Marion would get locked into things, and would let parts of the day drift by in repetitive actions. You could walk by her desk on the way to send a fax (this was a while ago) and find her industriously polishing her glasses. You send the fax, wander off for a coffee and a smoke, and come back, and she would still be there, still polishing the same lens on her glasses. with the same vacant serious expression on her face.

Her only vice was tea. She would boil the kettle on her desk, and brew up a cup. From the other side of the partition, you could hear the tea bag drop into the bin, and then there would be an agonising wait as she put a spoonful of honey into the brew.

And then she would stir.

Metal spoon in an earthenware mug.

And get locked into stirring.

It was only a short while until the idea of timing this performance came up. The other cubicle rats were quickly irritated by the noise, but became less so as I would post the day's result. A silence would descend, everyone waiting to see how long she could last.

Metal spoon, earthenware mug, the varnish on the inside of the mug presumably getting thinner and thinner as time wore on.

Just before the office was reorganised, I was able to leap to my feet, fists in the air, screaming "RECORD!" as Marion at last woke up after a mammoth two minute, seven second stirring stint.

It wasn't to last. The office was redistributed, and Marion, after a peculiarly out-of-character screaming fight with a colleague (who she apparently tried to brain with a metal stapler) eventually moved back to the cool of her homeland.

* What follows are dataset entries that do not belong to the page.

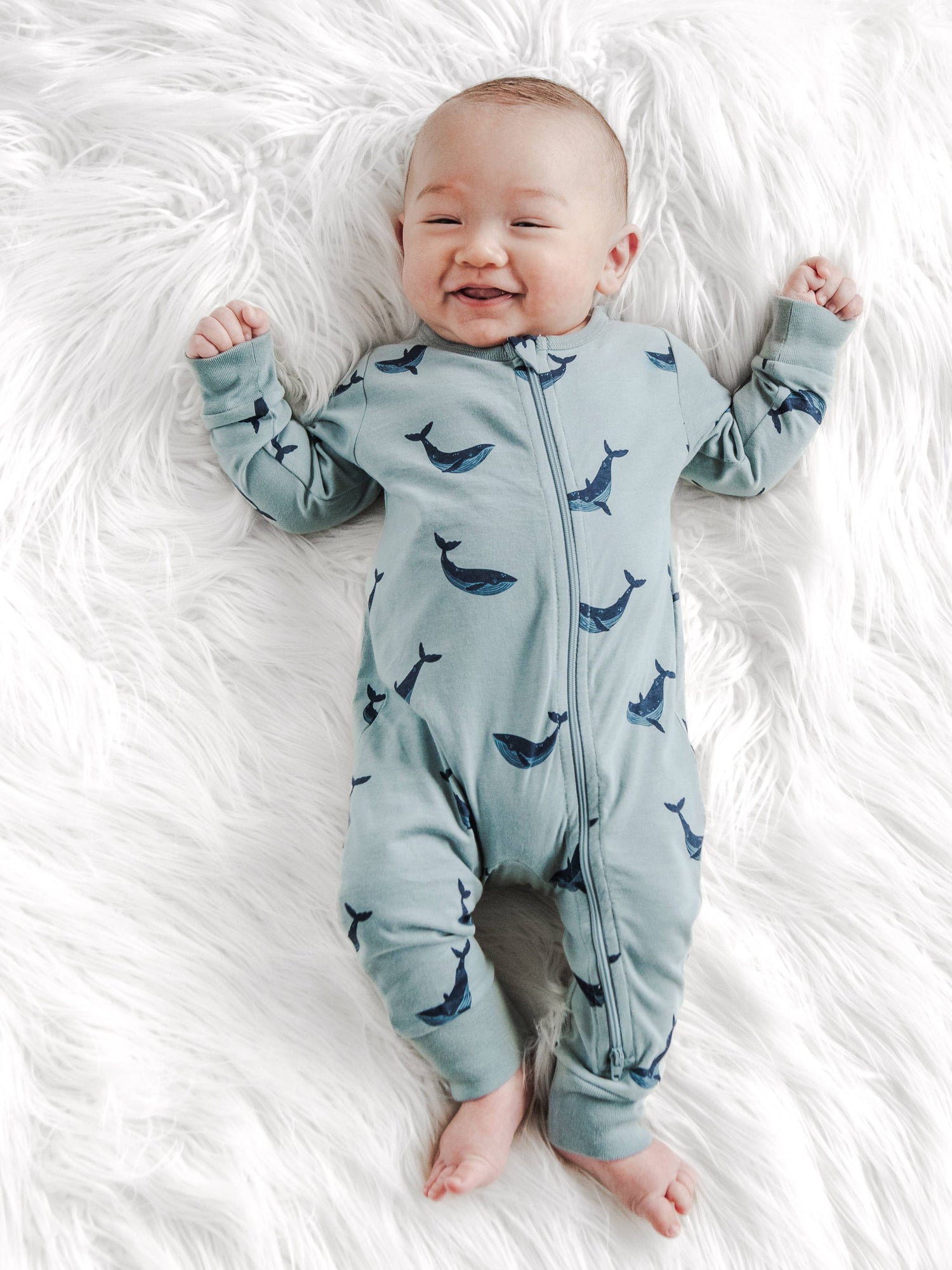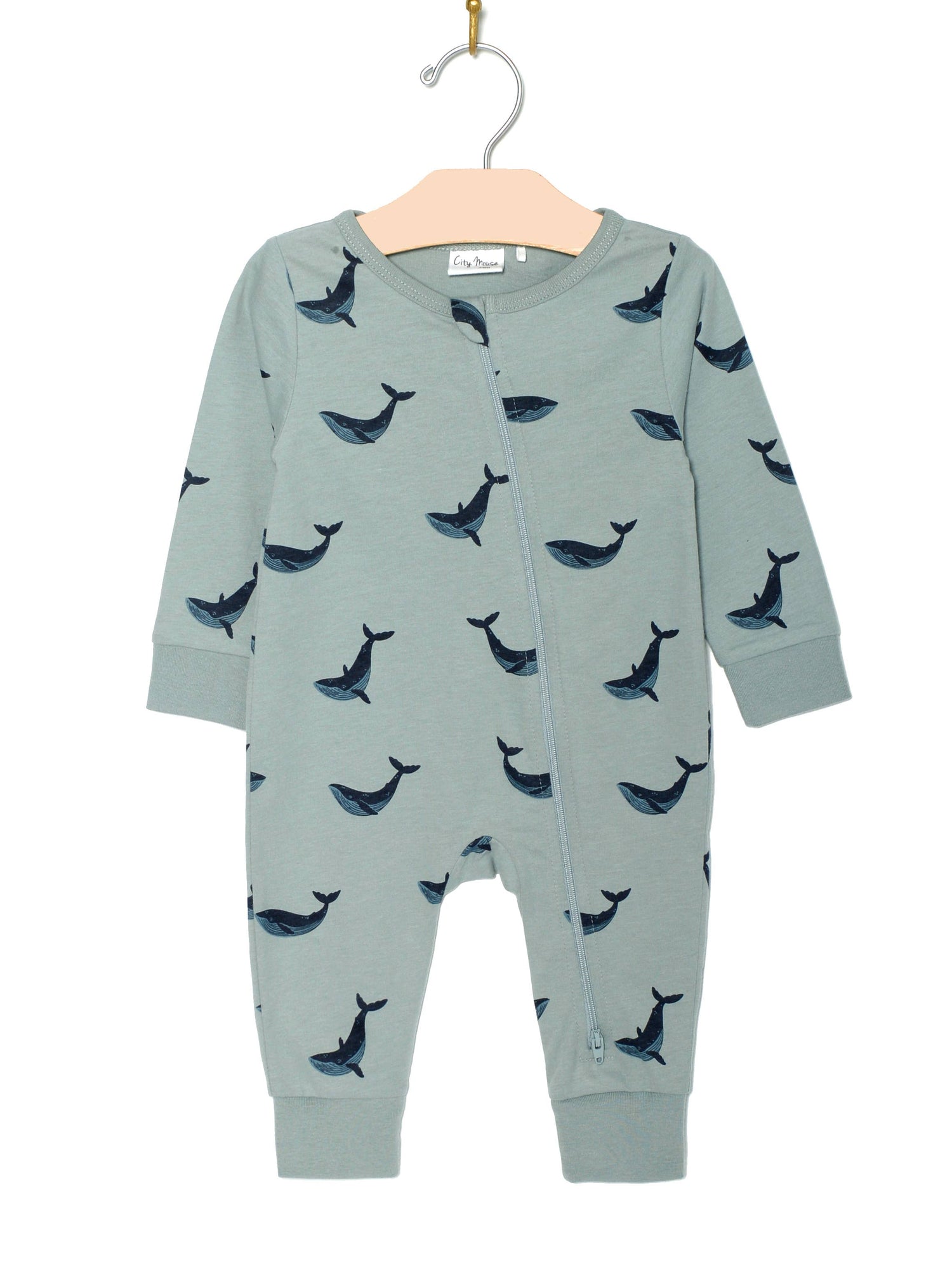 City Mouse Zip Romper - Blue Whales - 0-3m is backordered and will ship as soon as it is back in stock.
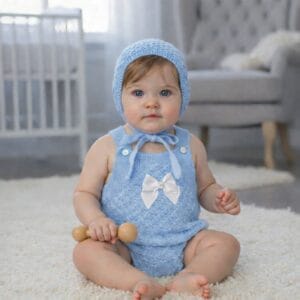Pelele bebé de punto celeste con capota y lazo
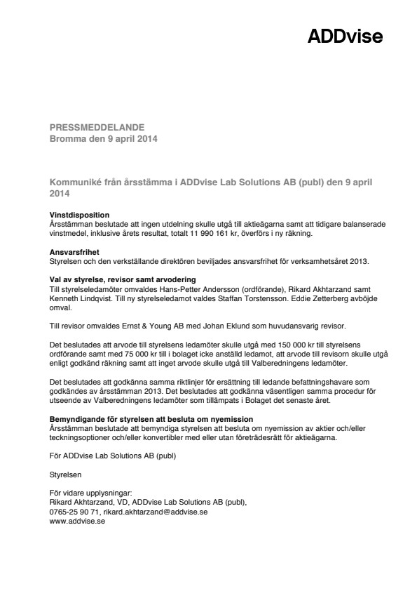 Kommuniké från årsstämma i ADDvise Lab Solutions AB (publ) den 9 april
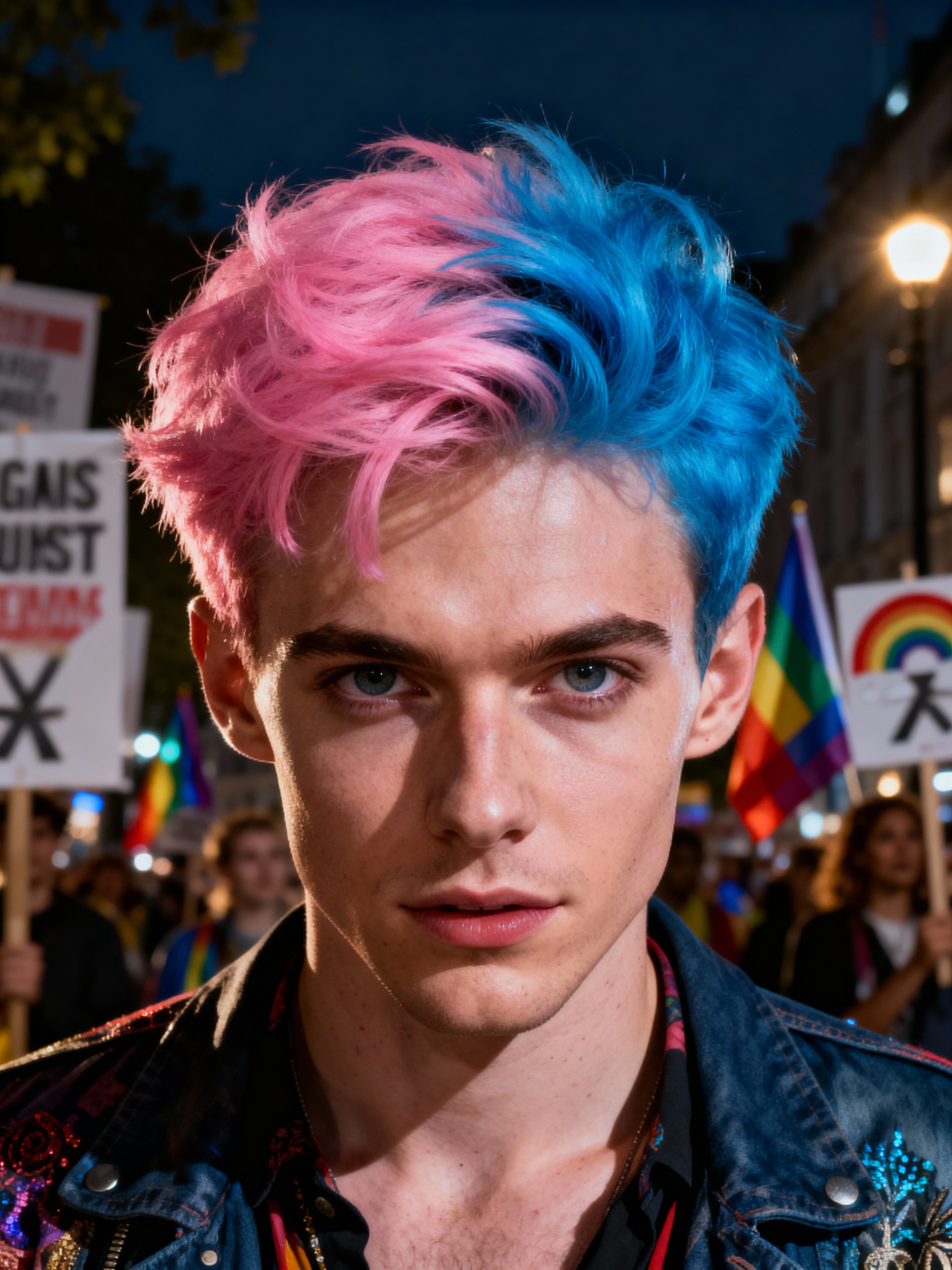model as a progressive LGBTQ activist feminist with pink or blue hair
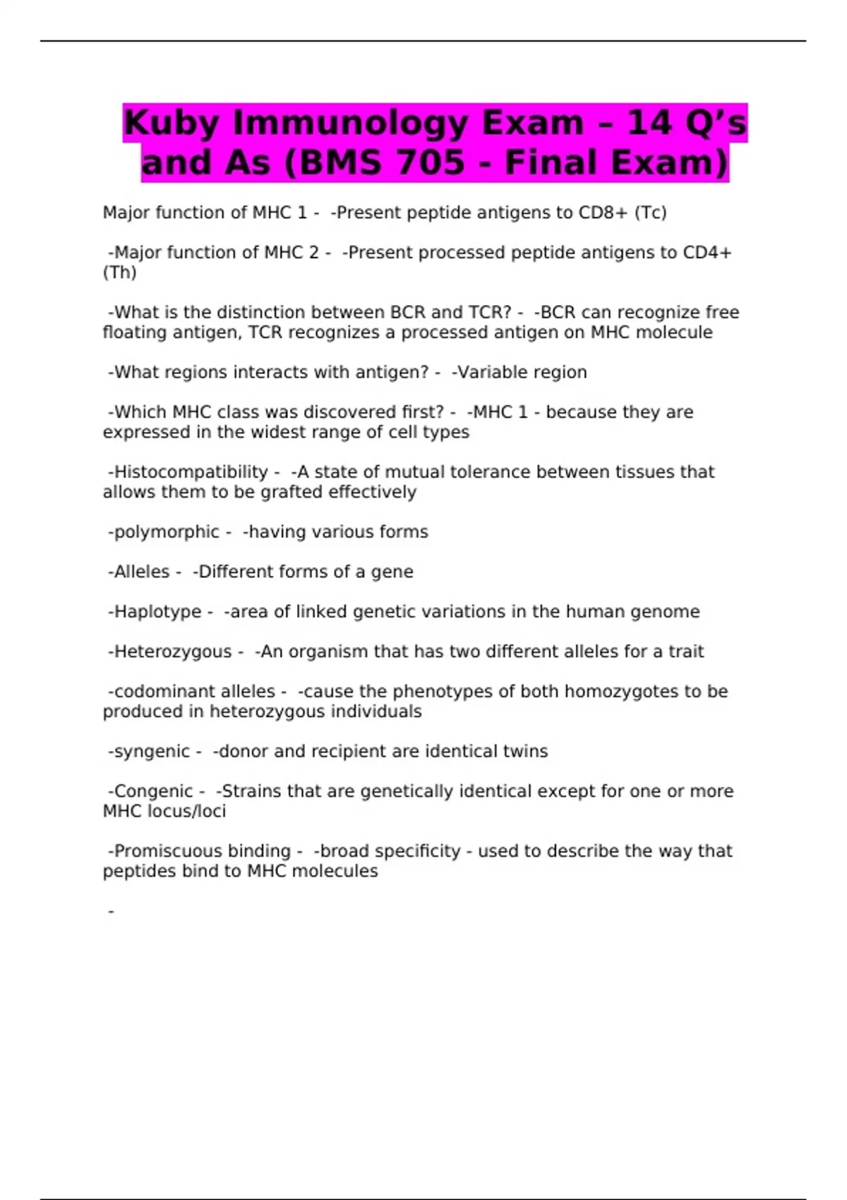 Kuby Immunology Exam – 14 Q’s and As (BMS 705 - Final Exam)
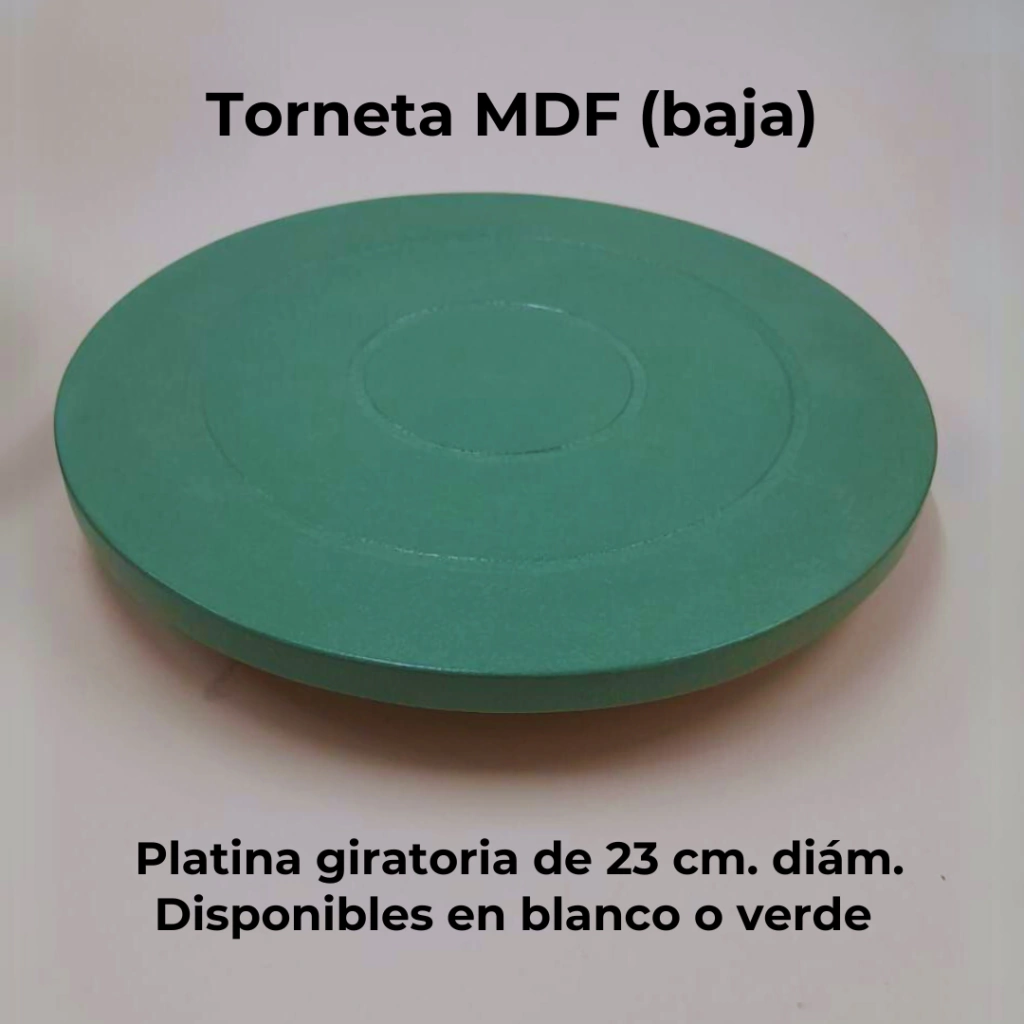 Las Tornetas para cerámica de MDF son una herramienta imprescindible para tus proyectos creativos. Con un diámetro de 23 cm, estas tornetas cuentan con una platina calada que permite un giro suave, facilitando tu trabajo con cerámica.
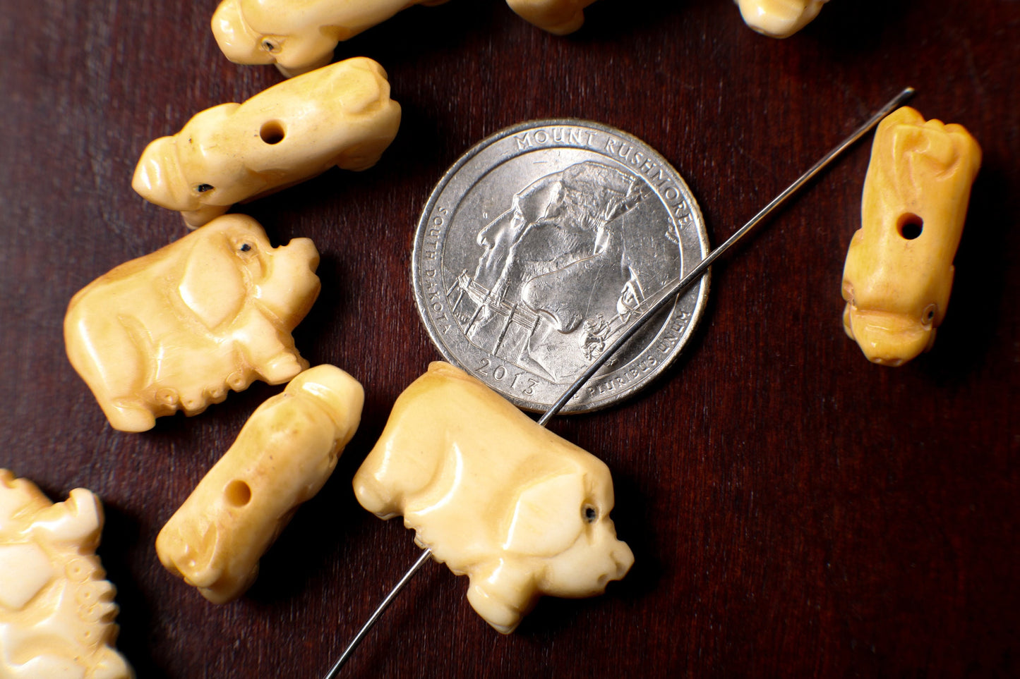 Carved Buffalo Bone Pig, 11-14x20mm, Hand Crafted Animal Figurine Drilled Bead, Art Deco
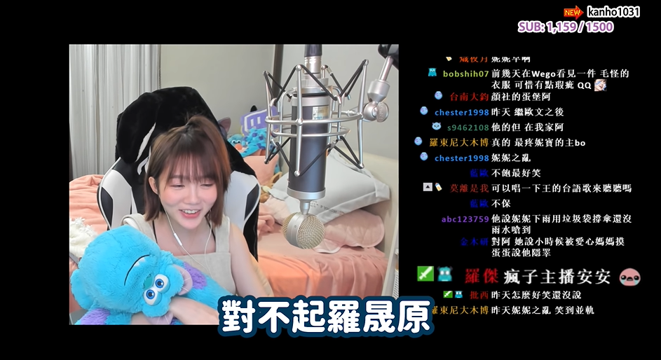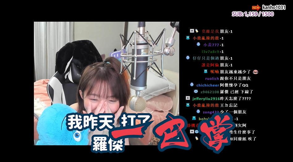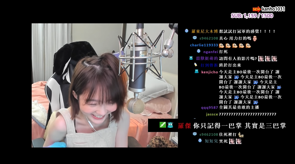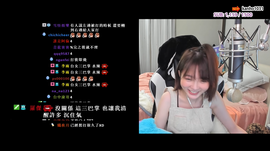 昨日妮妮上傳最新的實況精華,影片開始便可以看到羅杰打上:「瘋子主播安安」,讓妮妮一看見便崩潰表示:「對不起羅晟原,我今天不敢開台,就是我很怕遇到你」,她也接著向觀眾解釋自己酒後誤事:「我昨天打了羅杰一巴掌」,而羅杰則又在留言處回覆:「你只記得一巴掌,其實是三巴掌」,讓妮妮聽了尷尬詢問:「是連續嗎?」
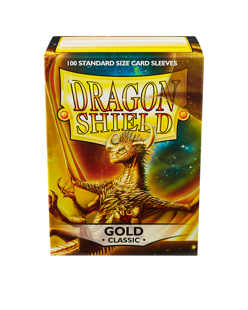 Clear front & metallic Gold back. Warm and metallic, for the gilded royalty. Classic is the original Dragon Shield sleeve. Smooth with a glossy back and unparalleled seal strength. The sturdy cardboard box fits 75+ single sleeved cards or 65+ double sleeved cards. Every box has a label at the top of the box for personalization.
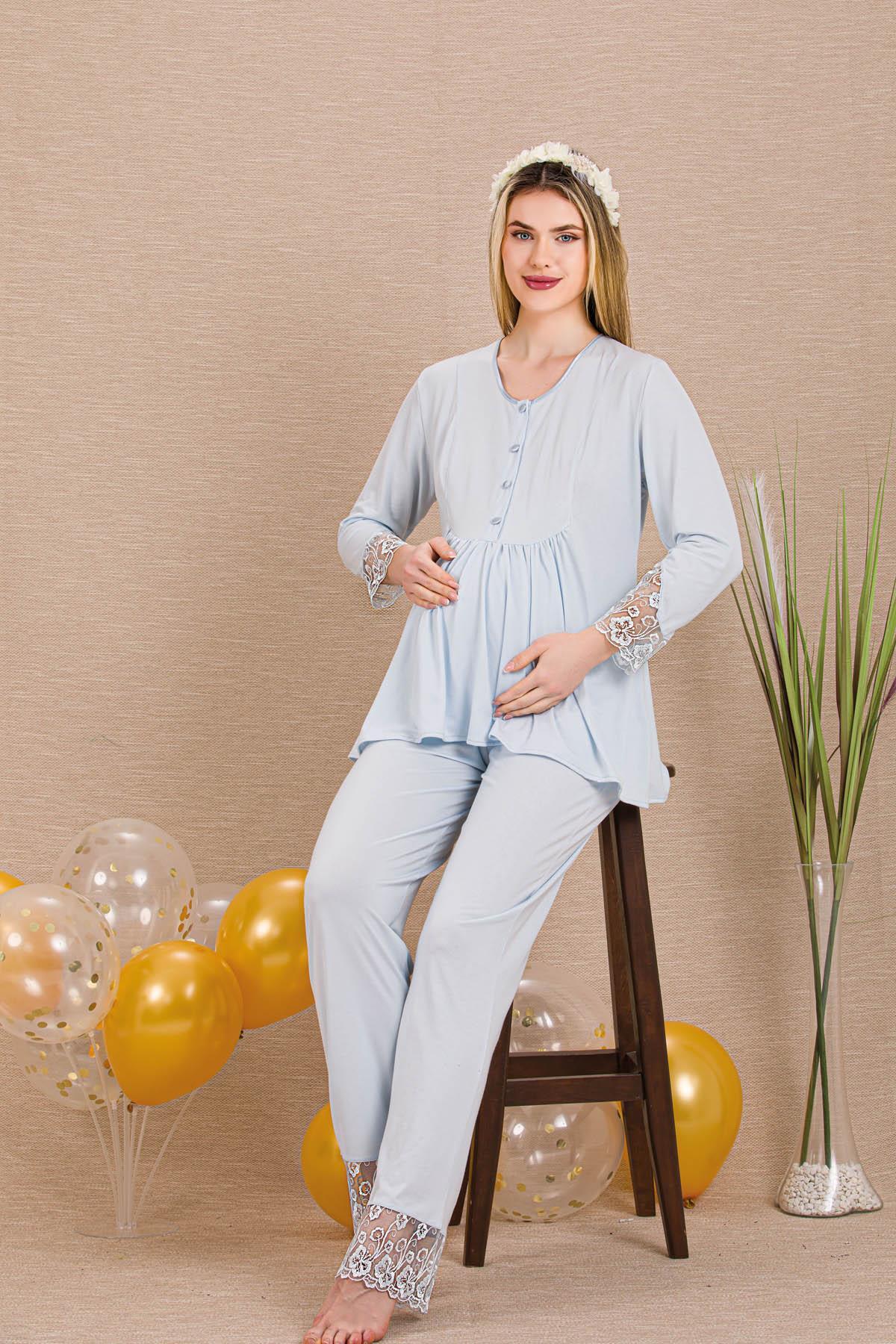 Kadın 2'li Uzun Kol Hamile Lohusa Pijama Takım, Emzirme Düğmeli, Bilek ve Paça Dantel Detaylı

To while away the long days at work, I sometimes like to think of her, contentedly stirring away, the ceramic on her mug worn to a paper-thin wall holding the cooling honeyed tea in...
(, Thu 8 Jan 2009, 21:38, 2 replies)
Because geeks
will time anything. *click*
(, Thu 8 Jan 2009, 22:58, closed)
We used to time John
when he went to the toilet. He told everyone he had IBS and was legendary in our office for managing to stay locked in the bathroom at the end of the office for more than fourty minutes.